Editorial: Idaho Has the Right Idea
The March 28 vote came after a court ruled that Idaho’s uniquely two-tiered weight-distance tax discriminated against interstate trucking. Idaho Circuit Court Judge Michael McLaughlin sided with American Trucking Associations and declared the state’s tax system unconstitutional because of the advantages it gave to some domestic agricultural and mineral haulers.
The state Senate is also working on a proposal to rebate $27 million to truckers who overpaid the tax.
The matter is not closed yet. The Senate needs to move forward on the rebate, and the Idaho House of Representatives needs to approve the repeal and send it to Republican Gov. Dirk Kempthorne for his signature. We trust the lower house and the governor will follow the Senate’s wise action by putting the tax out of trucking’s misery.

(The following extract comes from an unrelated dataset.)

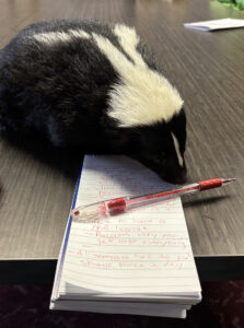 The office was in no danger from Sylvia, though — the domesticated skunk has been de-scented, meaning the scent glands in her anus have been removed. Though the women from Trails End would encourage all to be unafraid, regardless.
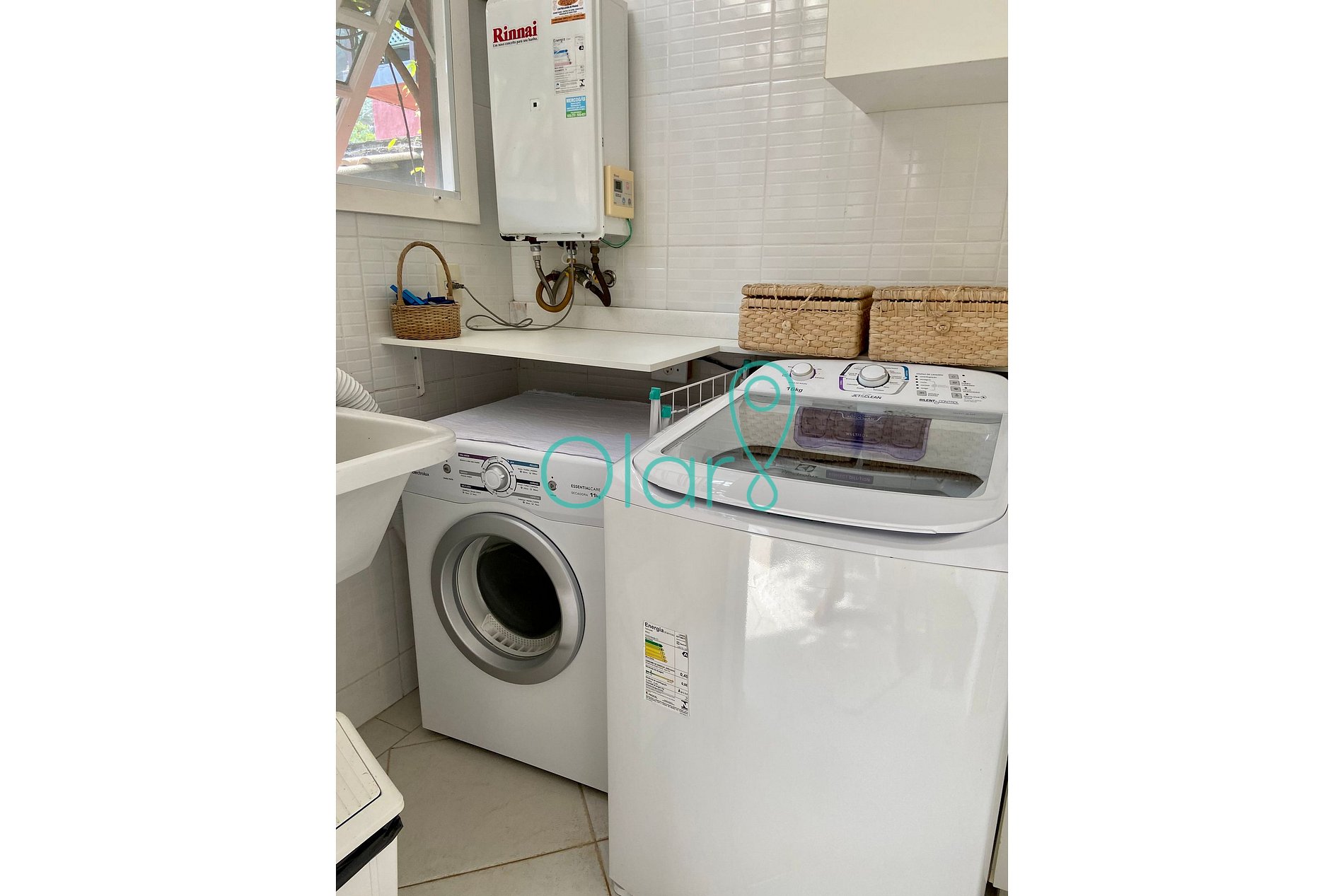 Cozinha: fogão, geladeira side by side, microondas, máquina de lavar louças, cafeteira nespresso, máquina de lavar e secar roupas. A casa possui louças, talheres e utensílios para atender até 7 pessoas hospedadas.

Unlike elections in which voters cast their ballots in a booth on Election Day, the Oregon referendum is being conducted by mail. Voters will receive ballots later this month, meaning money is needed right now to help pay for additional circular mailings and broadcast advertisements. Oregon is the state that invented the weight-distance tax, and killing it off once and for all would send a clear message to Kentucky, New Mexico and New York — the other states still holding on to remnants of the archaic tax — to follow suit.